— Your objective —
Leaving the images behind, copy every line of the records exactly.

— Supplied material —
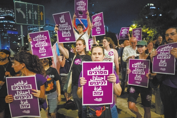 17日晚,在特拉维夫市中心以色列国防部大楼周边街区,示威人潮涌动,空气闷热得令人窒息。
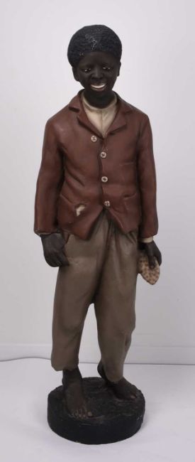 Life size polychrome plaster figure of a young black boy,
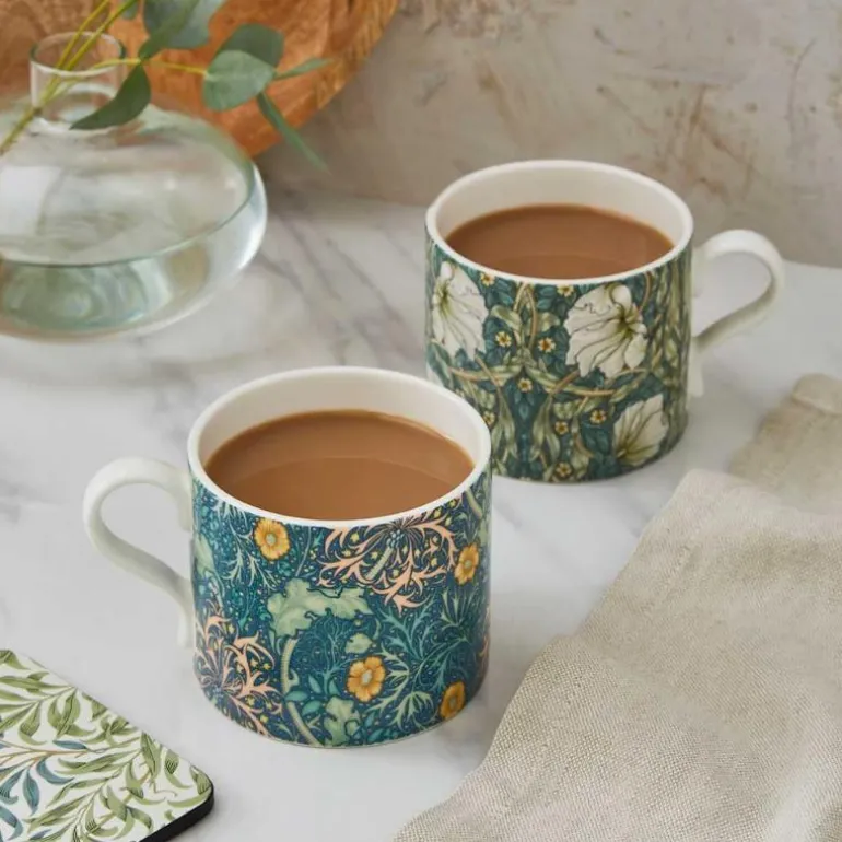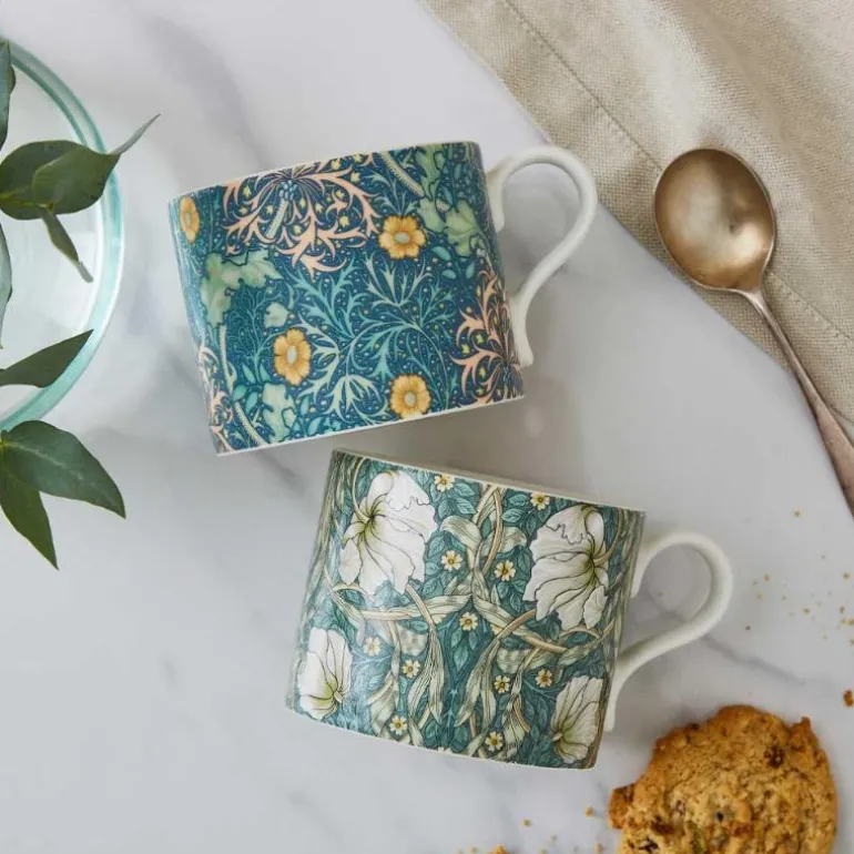Opplev tidløs eleganse med dette settet fra Spodes Morris & Co.-kolleksjon. Settet inneholder to porselenskrus à 34 cl, dekorert med de ikoniske Seaweed- og Pimpernel-mønstrene – gjengitt i dempede, moderne nyanser som gir en rolig og sofistikert stemning til kaffestunden.
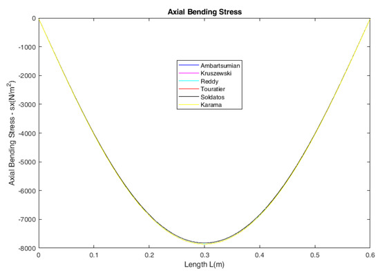 Comparison of axial stress through the length of the beam at for all models with aspect ratio .
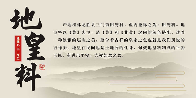 黄地鸡血玉又称“地皇料”,是桂林鸡血玉中另一高端玉种。黄色是三大基本色之一。在中国历史上,黄色是皇家独占的颜色,是王权的象征。从皇帝的龙袍到受宠的臣子被赏赐的黄马褂,皇帝出行时打的杏黄旗等,尽显黄色的尊贵。因中国古代历史上未发现黄玉,所以,田黄石一出世即被封为石帝,为皇家和显贵专宠。由于宗教和皇室的关系,某些宗教用品也用黄色,黄色因此又具有了神秘的色彩。

— Answer to this exercise —
 17日晚,在特拉维夫市中心以色列国防部大楼周边街区,示威人潮涌动,空气闷热得令人窒息。
 Life size polychrome plaster figure of a young black boy,
Opplev tidløs eleganse med dette settet fra Spodes Morris & Co.-kolleksjon. Settet inneholder to porselenskrus à 34 cl, dekorert med de ikoniske Seaweed- og Pimpernel-mønstrene – gjengitt i dempede, moderne nyanser som gir en rolig og sofistikert stemning til kaffestunden.
 Comparison of axial stress through the length of the beam at for all models with aspect ratio .
 黄地鸡血玉又称“地皇料”,是桂林鸡血玉中另一高端玉种。黄色是三大基本色之一。在中国历史上,黄色是皇家独占的颜色,是王权的象征。从皇帝的龙袍到受宠的臣子被赏赐的黄马褂,皇帝出行时打的杏黄旗等,尽显黄色的尊贵。因中国古代历史上未发现黄玉,所以,田黄石一出世即被封为石帝,为皇家和显贵专宠。由于宗教和皇室的关系,某些宗教用品也用黄色,黄色因此又具有了神秘的色彩。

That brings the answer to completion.